Youngstown school board member questions legality, ethics of president's, son's votes
By Denise Dick
The issue of an appeal of a judge’s decision that ordered city school board President Brenda Kimble to appoint a classroom teacher to the academic distress commission may not be over.
Board member Dario Hunter said he’s heard from people in the district expressing concerns about the legality and ethics of Kimble and her son, board member Ronald Shadd, voting on a resolution for Kimble’s appeal.
As the president, Kimble appointed Carol Staten, her distant cousin, to the academic distress commission. The teachers’ union filed suit, contending the appointment should have been a teacher.

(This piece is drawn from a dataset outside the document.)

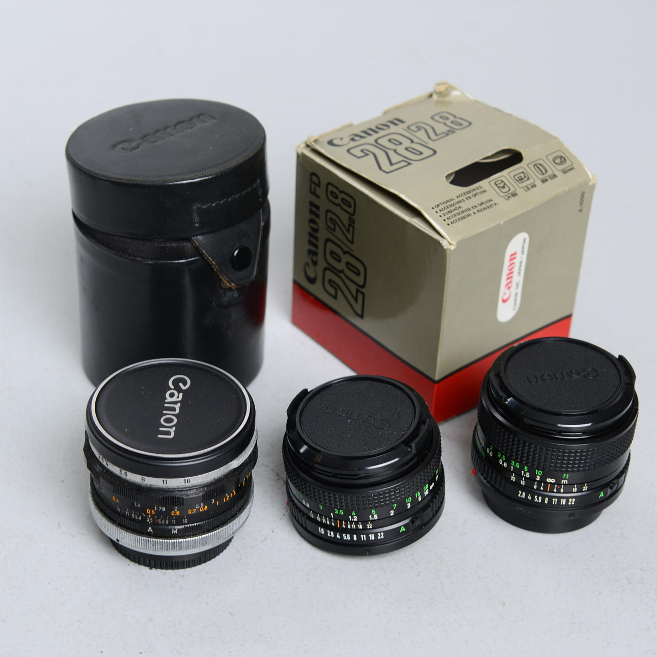 Canon 28/2.8. Canon 50mm 1:1.8. Canon FL 28mm 1:3.5. 40x30x20 cm, 5 kg.

A magistrate and Judge Lou A. D’Apolito of Mahoning County Common Pleas Court agreed.
Staten was a substitute administrator at the time of her appointment and was recently appointed principal at Discovery at Volney.
Kimble then filed notice of appeal Jan. 29. The next day, the board met and approved that appeal by a 4-3 vote. Kimble, Shadd and board members Jerome Williams and Michael Murphy were in favor, with Hunter and board members Jackie Adair and Corrine Sanderson opposed.
Hunter said at Tuesday’s regular meeting he has asked the Ohio Ethics Commission to look into the issue.
That drew a heated response from Kimble.
“Mr. Shadd is my son,” she said. “Everyone in the district, outside the district and in the community knows that.”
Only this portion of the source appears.